Three or so hours after they whisked Nico off, we were called in to see her in the post-op room. She was lying on a cot, swaddled in blankets, hooked up to machines and completely flushed. Needless to say we were close to tears. There was yet another male nurse attending to her, but he was completely competent. He wore sensible sneakers and was sensitive to our rather raw state, emotionally speaking. He quickly set up a place for Marta to sit and hold Nico, despite all her attached wires, and pulled up another chair so I could sit nearby. When Marta wanted to nurse, he quickly pulled the curtains around us to allow for some privacy and only came in when necessary to check Nico’s vital items. And when I asked when we’d be able to leave, he was quick to try to figure that out as well.
He said he had to check what the doctors wanted to do. Sometimes, with babies as young as Nico, the doctors want them to stay overnight for observation. He just wasn’t sure. So he called…yes, the combative anesthesiologist.
She showed up in a huff. He mentioned that they were wondering when Nico might be able to leave.
She said: “Why are you asking me that?”
“Um.

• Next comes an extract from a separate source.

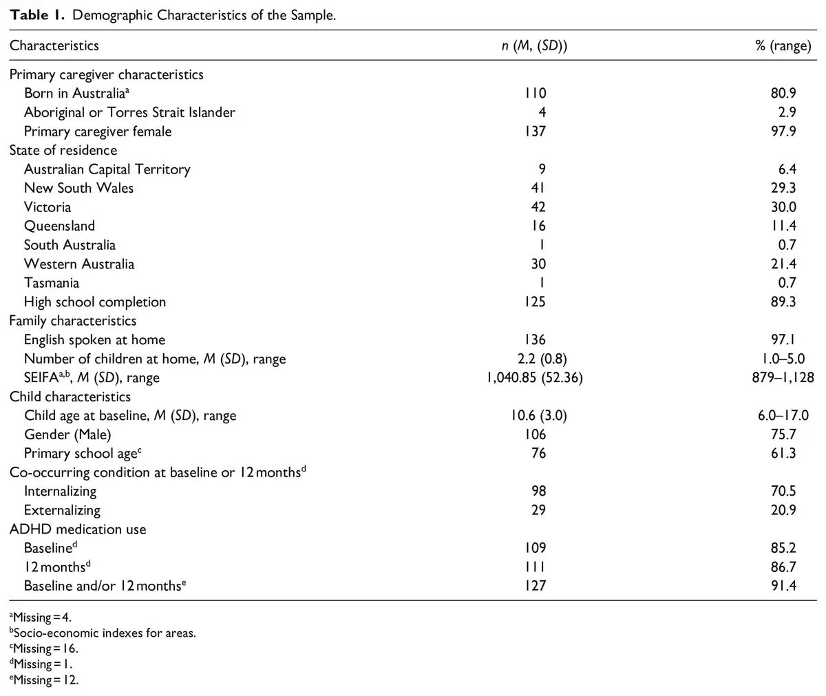 In the baseline survey, parents reported their country of birth, Australian state of residence (by postcode), primary language spoken at home, Aboriginal or Torres Strait Islander status, high school completion, number of children in the home, child age, and child gender. Information regarding the child’s ADHD medication use, and diagnosis or treatment of any co-occurring internalizing (anxiety and depression) or externalizing (oppositional defiant disorder and conduct disorder) conditions were assessed at baseline and the 12-month follow-up. The Socio-Economic Indexes for Areas (SEIFA; ) was calculated as a general socio-economic indicator based on participants’ postcode at baseline.

We were told you were the one to make that decision,” he said.
“Why would I be the one to make that decision?” she asked, the snark-levels rising in her voice.
“That’s just what we had heard,” the poor nurse explained.

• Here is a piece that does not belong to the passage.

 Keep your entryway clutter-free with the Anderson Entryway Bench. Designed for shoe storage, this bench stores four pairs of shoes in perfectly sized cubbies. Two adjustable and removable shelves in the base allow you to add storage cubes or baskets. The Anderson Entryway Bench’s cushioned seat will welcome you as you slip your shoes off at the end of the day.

“By whom?” the anesthesiologist said, clearly not expecting an answer and, in fact, walking out the door as she said this. “I think someone around here is trying to avoid their work by putting it off on someone else.”
This time it was the nurse who sighed. I felt for him.

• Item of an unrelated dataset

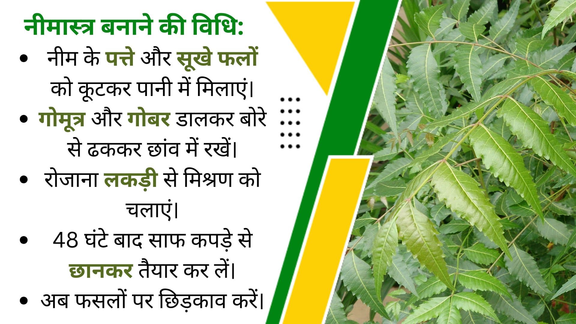 नीमास्त्र एक प्रभावी जैविक कीटनाशक है, जिसे आप अपने खेतों में कीटों से निपटने के लिए उपयोग कर सकते हैं। यह पर्यावरण के अनुकूल और प्राकृतिक तरीके से खेती को सुरक्षित बनाता है। इस कीटनाशक को बनाने के लिए नीम के पत्ते , गोमूत्र , गोबर और पानी का उपयोग किया जाता है, जो आसानी से उपलब्ध होते हैं। इसके छिड़काव से फसलों को न केवल कीटों से बचाया जा सकता है, बल्कि यह एक कारगर प्राकृतिक उर्वरक भी है।

Eventually we were given the OK to go back to the holding room, where creepy Jesse came to see us once more, played with Nico’s toes again and called her Princess about two more time.
Mostly, though, we were with a kind of dorky but otherwise harmless male nurse whose only infraction was that he called Nico “he” most of the time and used a sort of fifth grade vocabulary when discussing the body. For instance, instead of saying spit-up or vomit, he said “puke” and when talking the possibility of infection of the surgery site, he said we should keep an eye out for something that is “yucky gross.” At another point he paused before explaining another term to us and asked, “Are either of you native English speakers?” I said I was. He then said the term: “urpy” as in, “Your baby might be a little urpy in these next couple days.” Then he smiled at me like this was a really funny word we both understood, as native English speakers. Though as far as I could tell it was just the word burpy but without the “b.”
Soon after that the combative anesthesiologist arrived and explained in the sweetest of voices that we could leave and that it had been a pleasure to meet us.
We left the hospital thrilled to have Nico back with us and safely out of surgery, but also relieved to finally be out of that madhouse.